Limiting measure. We used one measure to assess the limiting independent variable of psychological inflexibility using the Psychological Inflexibility in Pain Scale (PIPS-12) [36]. The PIPS-12 has shown adequate reliability and validity across chronic pain populations in multiple countries, and consists of two subscales, avoidance of pain and cognitive fusion [37]. PIPS-12 total scores can be computed and range from 12 to 84, with higher scores indicating greater levels of inflexibility in responding to pain. The PIPS-12 subscales and the CPAQ subscales (activities engagement and pain willingness) are significantly correlated [36]. The PIPS-12 showed high internal consistency (α=0.830).

Covariate measures. Pain intensity, depressive symptoms, age, and gender were included as covariate measures as these factors are known to influence treatment outcomes [38], [39], [40]. Pain intensity was assessed on an 11-point numerical rating scale for average pain intensity over the past 7 days from 0 to 10 (0=no pain; 10=worst pain imaginable), which is a common and validated metric for pain intensity in chronic pain populations [41]. Depressive symptoms were measured using a computer adaptive testing version of PROMIS Depression, which captures primarily affective and cognitive manifestations of depressive symptoms (e.g., sad, or depressed mood, hopelessness, anhedonia) [42]. We chose to include depressive symptoms as a study covariate because it has been shown to predict health outcomes irrespective of the chosen treatment [43]. Age was represented as a continuous variable in years and gender was represented using a binary categorical variable of male/female. We were not able to capture patients who may have a non-binary gender identity in this dataset.

Treatment

According to routine practices within the pain center, patients received psychology services from several in-house psychologists with specialized training in pain psychology interventions. Common pain psychology treatment approaches include pain neuroscience and self-management education, cognitive behavioural therapy, mindfulness and self-compassion training, acceptance and commitment therapy, and biofeedback training. The allocation of the treatment(s) delivered was based upon the clinical judgment of the pain psychologist (i.e., the balance of patient needs and preferences). The typical duration of treatment ranged from 4–12 weeks. Before participation in pain psychology treatment, participants received consultations with a pain physician to optimize analgesic medications and potentially receive interventional procedures. In contrast, some participants also received a physical therapist’s consultation to optimize physical activity and exercise.

Statistical analysis

We used latent growth modeling (LGM) to test the predictive capacity of the three enhancing measures (FFMQ-SF, CPAQ-8, CAQ-8) and one limiting measure (PIPS-12) representing dimensions of the psychological flexibility model on the trajectory of pain interference outcomes across the 180-day observational period. As mentioned previously, we include pain intensity, depressive symptoms, age, and gender as covariates in the LGM as these factors are known to influence treatment outcomes and used the LGM to analyse the predictive effects of the four psychological flexibility measures in relation to pain interference. Models were specified using Mplus version 6.12 (Version 6.12, Los Angeles, CA: Muthén & Muthén) specified for an unrestricted model accounting for missing data (TYPE=MISSING h1) and utilizing a maximum likelihood estimator with robust standard errors using a numerical integration algorithm (ALGORITHM=INTEGRATION). Missing data were handled in listwise fashion. All clinical variables were within acceptable standards regarding normality: absolute values of skewness and kurtosis were less than 2 for all variables [44]. Three time points were collected for each patient, which consisted of the initial evaluation (time point 1), and subsequent treatments (time points 2 and 3) occurring within the 180-day specified study period. If a patient had more than 3 sessions within the 180-day period, then the three most proximal assessments were used in the estimated model.

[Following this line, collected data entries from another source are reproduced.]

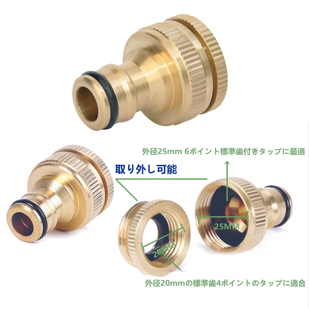 ??【セット内容】蛇口コネクター×1個、ホースジョイント×1個 ??【素材】真鍮製で見た目もよく、直射日光や凍結にも強い作りになっています、は耐腐食性と防錆性があり屋外での長期使用に適しています。【ご注意下さい】モニターの環境により、色の見え方に若干差が生じる場合がございます。 ??【簡単取り付け】簡単なインストール、古くて壊れたものの直接の交換です。 ??【さまざまな蛇口に対応】2つのサイズが1/2インチ(21mm)と3/4インチ(26.5mm)で利用でき、タップとホースをすばやく接続するのに役立ち、すべての屋外ネジ式タップの95%での使用に適しています。暖かいヒント:タップは雄ねじ式である必要があります。 ??【幅広い用途】ホースとの接続口はゴムパッキンが付いていて、水漏れしにくい設計です。庭の灌漑のPVC散水パイプ、水道管、適切なサイズの蛇口接続に最適です。洗濯機の蛇口と水道管の接続もでき、庭、農作業、校庭など、様々な場所に適用されます。庭園、バルコニー、温室、菜園、鉢植えの植物、ペットの入浴、洗車、道路の洗浄などに適しています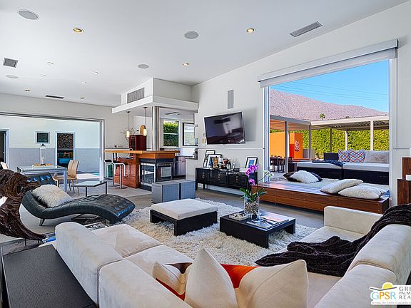 Available only Nov+Dec 2025. Seasonal Rental. This unique Palm Springs modem compound is in the popular Twin Palms Estates neighborhood. The walled and gated property features multiple structures and outdoor spaces, resort-style amenities, and architectural design reminiscent of the iconic Alexander butterfly mid-century modern homes. This Palm Springs home truly speaks to the Art of Desert Living, has been cited and featured in a variety of magazines worldwide and won Home of The Year in Metropolitan Home. The art of desert living is best exemplified in a property's outdoor amenities, and this property doesn't disappoint. Amenities include a 60 ft saltwater pool, large saltwater spa, outdoor kitchen, outdoor bed, 4 fire-pits, 2 outdoor showers and more. There is about 2,000 sqft of interior space spread out over 3 buildings. The main house consists of a living room, dining room and kitchen. All rooms have concrete floors and large sliding glass doors, that when opened, blur the line between indoor and outdoor spaces. The living room features a wall mounted TV plus a large seating area with L-shaped sofa, ottoman and 2 comfortable chairs. A large sliding glass door connects the living room to an outdoor bed with pool and mountain view. Next to the Dining room is the kitchen. The two rooms are separated by a breakfast bar with a built-in fireplace. The kitchen itself has a modem and commercial vibe and features high quality appliances including large stove top with grill, oven, wine refrigerator, refrigerator freezer and dishwasher. The adjacent dining room seats six and has two over-sized sliding glass doors. One of the doors opens to a wood bridge that spans the pool to secondary ensuite bedroom and the other door opens to an outdoor dining room, distinctive firepit seating area and a detached structure solely for the primary bedroom and bathroom. The Primary Bedroom is a stand-alone structure just steps away from the main house. Like the main house it has concrete floors and a large sliding glass door, that when opened, blur the line between your bedroom and the outside. Inside you'll find a King size bed, spacious closet, Smart TV and gas fireplace that separate the bedroom from the master bathroom. On the bathroom side, the fireplace is perfectly situated next to the large bathtub. Who needs candles when you can soak beside the flames of a roaring fireplace? There is also a large shower with waterfall shower head, two large sinks, a clerestory window and a door that opens to a private outdoor shower. The Guest bedroom/den structure features a guest bedroom with queen size bed and Smart TV. A bathroom connects it to the guest living room that features a couch that can sleep one, and another Smart TV. The main purpose of this Palm Springs modern compound is "rest, rejuvenation, and fun". Flanking the 60 ft saltwater pool, lounge chairs and large outdoor bed float above the water while the outdoor kitchen with gas grill, refrigerator and bar seating area anchor to the additional yard amenities. Next to the outdoor kitchen is a bubbling saltwater spa which is just steps away from an additional outdoor bed perfect for lounging. At the other end of the pool is the Pool House that provides an outdoor shower, cabana room and washer/dryer. On the other side of the compound is a distinctive seating area where guests can sit or lie on huge boulders encircling a recessed fire pit that shoots flames right out of the ground. This desert modern home is distinctive and award-winning; providing an elemental experience that includes earth, fire and water with a generous serving of Palm Springs architecture, upscale amenities and conveniences, and a chic urban vibe.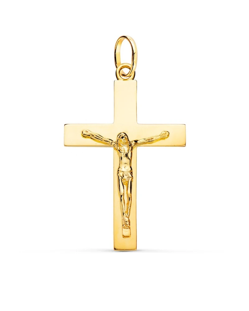 18K CRUZ ORO AMARILLO CRISTO MACIZA PALO RECTANGULAR BRILLO 38 X 24 MM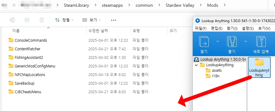 다운 받은 압축 폴더를 열고 LookupAnything 폴더를 아래 경로에 넣으시면 끝이에요.
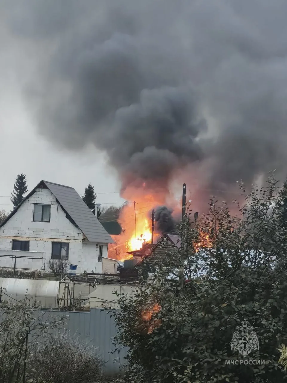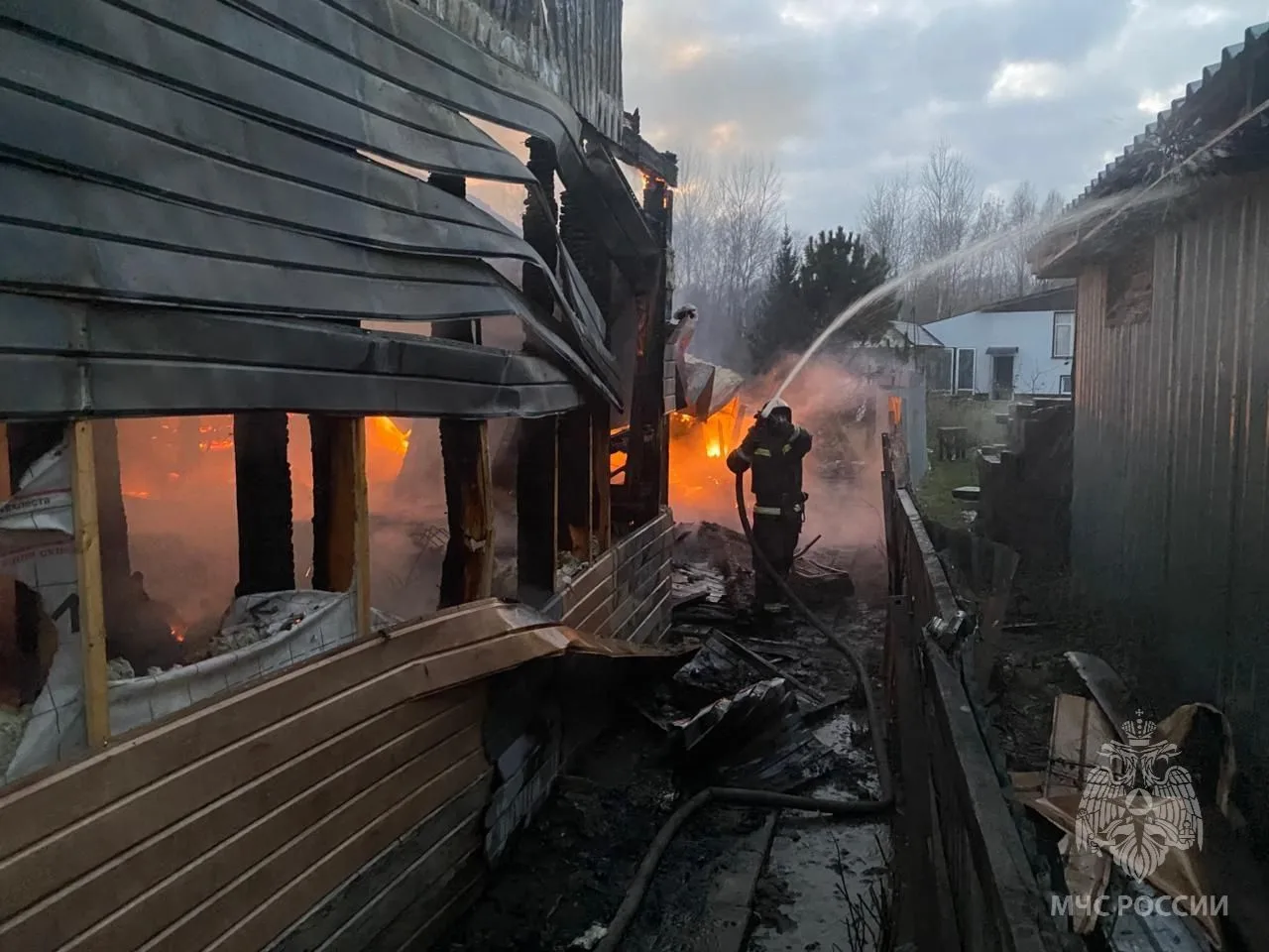 В результате пожара повреждены двухэтажный дом, деревянная беседка, стена бани, стена гаража, а также сайдинг на соседнем доме. Предварительная причина пожара — нарушение правил монтажа электрооборудования.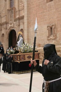 Durante estos días se suceden, asimismo, las celebraciones religiosas. Ya el Domingo de Ramos, se entran a la Iglesia las imágenes del Calvario. Las cofradías portan con firmeza y guían sus “pasos”: «Entrada de Jesús», «Oración de Jesús en el Huerto», «San Juan», «Jesús atado a la columna», «Coronación de espinas», «El Nazareno», «Cristo en la cruz», «El Descendimiento», «La Dolorosa» y «Cristo Yaciente», siempre con la vigilante compañía de los Alabarderos romanos.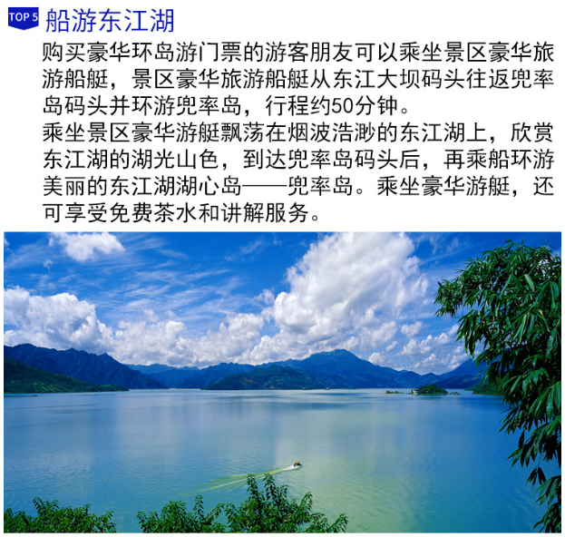門票內(nèi)容:含小東江,龍景峽谷,東江湖,兜率靈巖溶洞,車觀猴古山瀑布,東江大壩外景,景區(qū)車及船票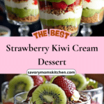 This strawberry kiwi cream dessert is a refreshing, layered treat that combines sweet fruits, airy whipped cream, and a light crunch from crushed biscuits. It’s a no-bake dessert that looks beautiful in a glass and tastes even better, making it perfect for warm days or when you want something quick yet impressive.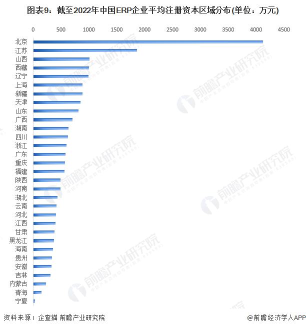 ——北京的ERP軟件企業(yè)平均注冊(cè)資本更高根據(jù)中國(guó)企業(yè)數(shù)據(jù)庫(kù)企查貓,目前中國(guó)ERP企業(yè)的平均注冊(cè)資本區(qū)域分布中,北京企業(yè)的平均注冊(cè)資本最高,達(dá)到為4125萬(wàn)元。此外,江蘇的ERP企業(yè)平均注冊(cè)規(guī)模均在1500萬(wàn)以上,規(guī)模相對(duì)較大。北京重點(diǎn)ERP軟件企業(yè)包括用友網(wǎng)絡(luò)、致遠(yuǎn)互聯(lián)、暢捷通等。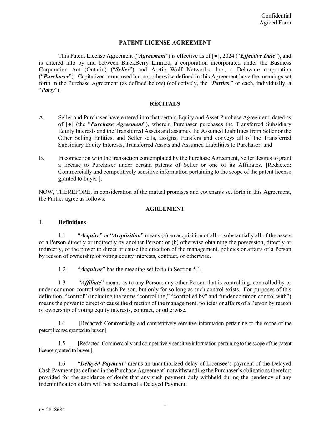 Confidential Agreed Form 1 ny-2818684 PATENT LICENSE AGREEMENT This Patent License Agreement (“Agreement”) is effective as of [●], 2024 (“Effective Date”), and is entered into by and between BlackBerry Limited, a corporation incorporated under the Business Corporation Act (Ontario) (“Seller”) and Arctic Wolf Networks, Inc., a Delaware corporation (“Purchaser”). Capitalized terms used but not otherwise defined in this Agreement have the meanings set forth in the Purchase Agreement (as defined below) (collectively, the “Parties,” or each, individually, a “Party”). RECITALS A. Seller and Purchaser have entered into that certain Equity and Asset Purchase Agreement, dated as of [●] (the “Purchase Agreement”), wherein Purchaser purchases the Transferred Subsidiary Equity Interests and the Transferred Assets and assumes the Assumed Liabilities from Seller or the Other Selling Entities, and Seller sells, assigns, transfers and conveys all of the Transferred Subsidiary Equity Interests, Transferred Assets and Assumed Liabilities to Purchaser; and B. In connection with the transaction contemplated by the Purchase Agreement, Seller desires to grant a license to Purchaser under certain patents of Seller or one of its Affiliates, [Redacted: Commercially and competitively sensitive information pertaining to the scope of the patent license granted to buyer.]. NOW, THEREFORE, in consideration of the mutual promises and covenants set forth in this Agreement, the Parties agree as follows: AGREEMENT 1. Definitions 1.1 “Acquire” or “Acquisition” means (a) an acquisition of all or substantially all of the assets of a Person directly or indirectly by another Person; or (b) otherwise obtaining the possession, directly or indirectly, of the power to direct or cause the direction of the management, policies or affairs of a Person by reason of ownership of voting equity interests, contract, or otherwise. 1.2 “Acquiror” has the meaning set forth in Section 5.1. 1.3 “Affiliate” means as to any Person, any other Person that is controlling, controlled by or under common control with such Person, but only for so long as such control exists. For purposes of this definition, “control” (including the terms “controlling,” “controlled by” and “under common control with”) means the power to direct or cause the direction of the management, policies or affairs of a Person by reason of ownership of voting equity interests, contract, or otherwise. 1.4 [Redacted: Commercially and competitively sensitive information pertaining to the scope of the patent license granted to buyer.]. 1.5 [Redacted: Commercially and competitively sensitive information pertaining to the scope of the patent license granted to buyer.]. 1.6 “Delayed Payment” means an unauthorized delay of Licensee’s payment of the Delayed Cash Payment (as defined in the Purchase Agreement) notwithstanding the Purchaser’s obligations therefor; provided for the avoidance of doubt that any such payment duly withheld during the pendency of any indemnification claim will not be deemed a Delayed Payment.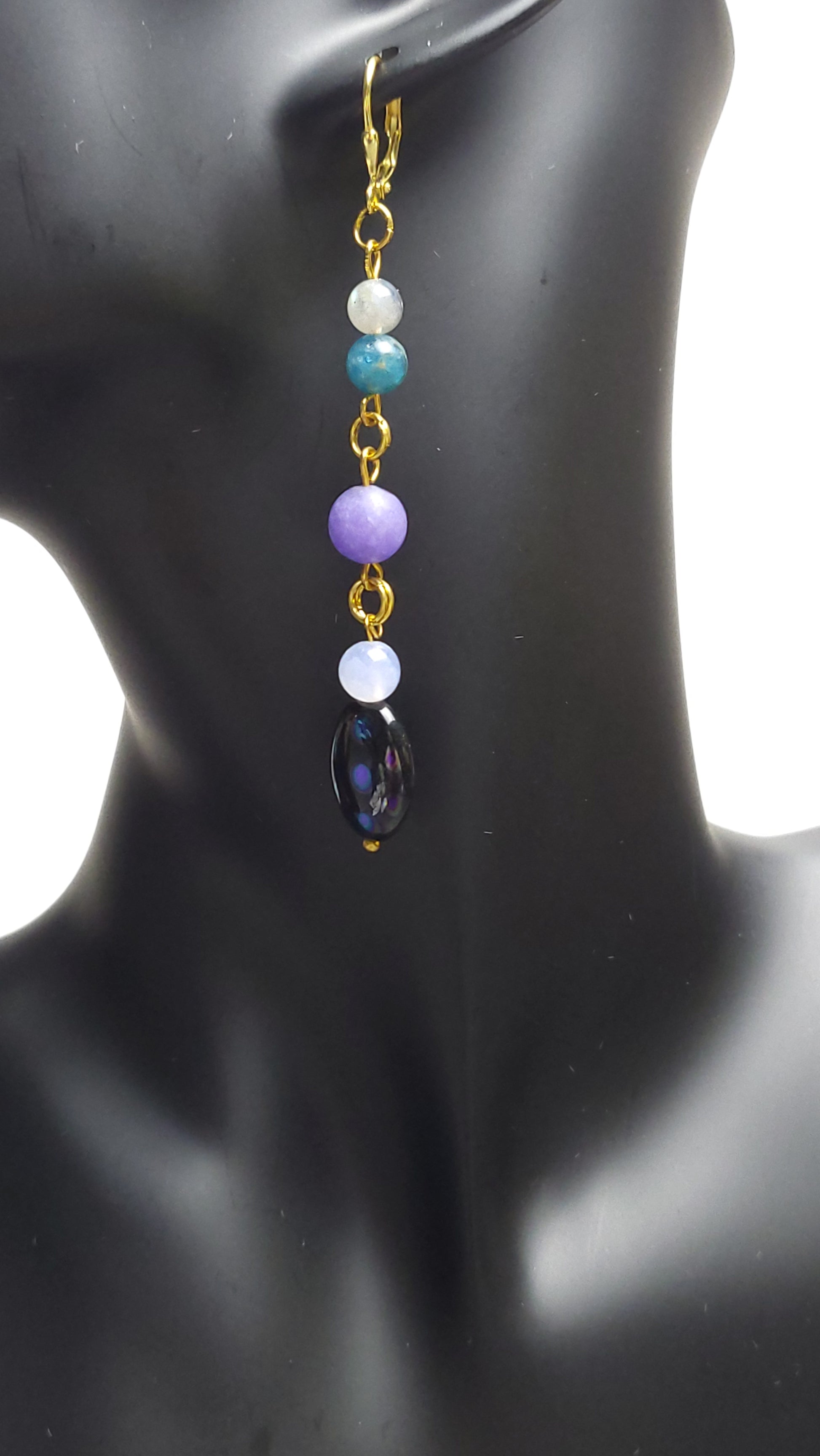 Step into the spotlight with these vibrant Disco Night earrings! Featuring bold gold hoops, these statement pieces are adorned with a dazzling mix of gemstones. The striking apatite brings a pop of color, while the rich purple matte jade adds a touch of sophistication. Iridescent labradorite catches the light beautifully, and the smooth chalcedony introduces a calming balance. Complemented by Czech black beads adorned with iridescent spots, these earrings capture the essence of a lively night out. Perfect for dancing the night away or elevating any ensemble, these earrings are a must-have for your accessory collection!

Separate models were estimated utilizing initial scores on psychological flexibility indicators as predictors, along with demographic (age and gender) and clinical covariates (pain intensity and depressive symptoms), of latent factors representing the intercept (mean variance) and slope (change across time) derived from pain interference scores sampled across the 180-day study period. Intercept scores reflect average scores on pain interference at Time 1, and slope scores reflect average change in pain interference across the study period. In other words, the intercept refers to factors related to stable variance in pain interference across the entire time period, and the slope refers to factors related specifically to changes in pain interference. A benefit of implementing the LGM approach is the ability to estimate latent variables for slope and intercept separately. For any psychological flexibility indicator that showed a significant effect on the latent slope variables, these effects were depicted visually using a median split representing differential trajectories of groups with high/low levels of the flexibility indicator in pain interference scores across time.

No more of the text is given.